Scripts for running AI peer reviews on bigcompute.science findings, aggregating results, and syncing with the website.
# Run a review (API key from environment only — NEVER in files)
export API_KEY='sk-...'
python3 scripts/reviews/run_review.py --slug zaremba-density-phase-transition --model o3-pro --provider openai
# Review all findings with a model
python3 scripts/reviews/run_review.py --all --model gpt-4.1 --provider openai --skip-existing
# Validate all review JSONs
python3 scripts/reviews/validate.py --all
# Rebuild manifest from all reviews
python3 scripts/reviews/aggregate.py
# Generate website data
python3 scripts/reviews/sync_website.py --manifest docs/verifications/manifest.json --output ../bigcompute.science/src/data/certifications.json| Script | Purpose |
|---|---|
run_review.py |
Run an AI peer review via any OpenAI-compatible API |
aggregate.py |
Build manifest.json from all review JSONs |
validate.py |
Validate review JSONs against schema |
sync_website.py |
Generate certifications.json for the website |
API keys are NEVER saved to files, committed to git, or passed as CLI arguments.

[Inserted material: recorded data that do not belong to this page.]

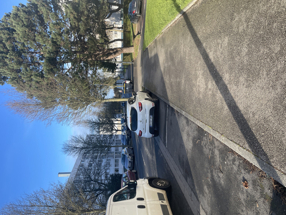 The image depicts a static, forensic view of a residential street, **Rue de Bernières in Caen, France**, on a clear, sunny day. The perspective is from the roadside, looking south-southeast down the thoroughfare. The scene is dominated by a paved asphalt road in the center, flanked by a parking strip and a concrete sidewalk on the right, and a parallel parking lane on the left. On the immediate left foreground, the front quarter of a dirty white panel van is visible, parked on the street. Directly adjacent to the sidewalk, a white Renault Clio V hatchback, license plate "EV-721-WH," is parked head-in within a marked parking space. The vehicle is clean. Behind the Clio, another empty marked parking space is visible. A wide, light grey concrete sidewalk runs parallel to the road on the right side of the frame, bordered by a neatly mown strip of green grass. Long, dark shadows, indicative of direct sunlight, stretch diagonally across the sidewalk and foreground from an unseen source to the left. The street extends into the distance, lined by multi-story residential apartment buildings. On the left, several eight to ten-story buildings with white facades and numerous windows are visible, with a prominent tall, rectangular chimney structure rising from the roofline of the nearest building. Various other passenger vehicles are parked along the street on both sides, including a red hatchback and a silver hatchback visible on the left. The environment features a mix of bare deciduous trees with thin branches and large, mature evergreen pine trees, particularly on the right side of the image, where a dense pine tree stands prominently. Utility poles are present along the street. A grey municipal waste bin on wheels is visible further down the street on the right. The sky is clear and bright blue, with no clouds. No people are present in the scene, and no actions or interactions are depicted.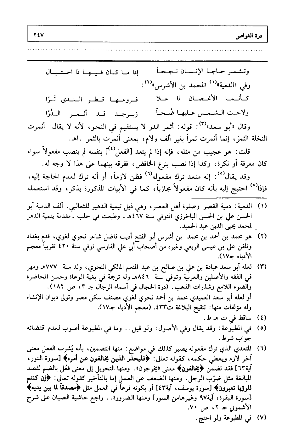 وقال "أبو سعد": قوله: أثمر الدر لا يستقيم في النحو، لأنه لا يقال: أثمرت النخلة المثمرة، إنما أثمرت ثمرا بغير ألف ولام، بمعنى أثمرت بالثمر. اهـ.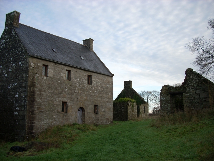 Plougras, Pen an Nec'h : ferme. Logis secondaire à l´est, de plan rectangulaire construit en moellon et pierre de taille de granite, avec remploi d´éléments anciens, avec porte encadrée de deux fenêtresImmatriculation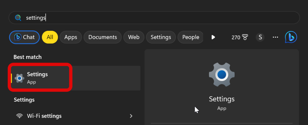 1.Ouvrez leParamètressur votre PC en lançant le menu Démarrer et en recherchant la même chose. Lorsque l'application apparaît dans vos résultats de recherche, cliquez dessus pour ouvrir les paramètres de votre PC.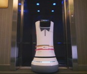 If you plan to stay in Cupertino’s high-tech Aloft Hotel in the near future, don’t be surprised if you open your door to a 3-foot-tall robot carrying extra towels or breakfast. See, it’s the Starwood property’s new butler (officially called A.L.O. Botlr, which is short for “robot butler,” of course) programmed to assist the hotel’s concierge in catering to your requests. The 100-pound machine comes loaded with a 7-inch tablet screen to interact with guests and staff, as well as 4G and WiFi connections so it can call elevators when it needs a ride. Let’s say you pinged front desk to ask for new toiletries — the staff then just loads the items (as long as they don’t exceed two pounds) in an empty compartment on top of the robot and inputs your floor and room number on the tablet interface. You’ll know Botlr’s lurking outside the door when it calls up the room’s phone, and instead of a crisp $20 bill, all it asks in return is a tweet with the #meetbotlr hashtag.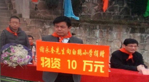 东意眼镜向家乡学校捐赠10万元 满腔热忱为家乡,一颗爱心献母校。前不久,温州东意眼镜厂总经理谢永奎在返乡过节的时候向他的母校遵义县泮水镇白鹤小学捐赠30套电脑和电脑桌等价值10万元的物资。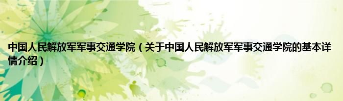 本文关于中国人民解放军军事交通学院的基本详情介绍就讲解完毕,希望对大家有所帮助。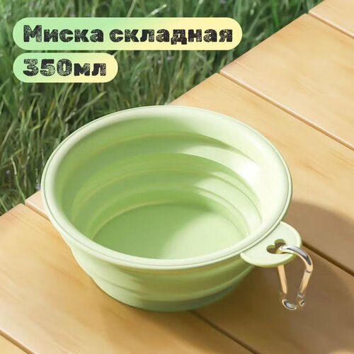 Миска для животных силиконовая складная для кошек и собак, дорожная, прогулочная поилка с карабином, 350 мл, светло-зеленая ZOOWELL

The only way to provide an API key is via the API_KEY environment variable:
export API_KEY='sk-...'The scripts will refuse to run without this variable set. If you accidentally commit a key, rotate it immediately.
Any OpenAI-compatible API works. Examples:
# OpenAI
--model o3-pro --provider openai --api-base https://api.openai.com/v1
# Google Gemini (via OpenAI compatibility layer)
--model gemini-2.5-pro --provider google --api-base https://generativelanguage.googleapis.com/v1beta/openai
# Local model via vLLM
--model meta-llama/Llama-3.3-70B --provider local --api-base http://localhost:8000/v1
# Anthropic via proxy
--model claude-opus-4-6 --provider anthropic --api-base https://anthropic-proxy.example.com/v1New reviews follow: {slug}_review_{provider}-{model}_{YYYY-MM-DD}.json
Old files (pre-convention) are preserved as-is. The aggregation script keys on the finding_slug field inside the JSON, not the filename.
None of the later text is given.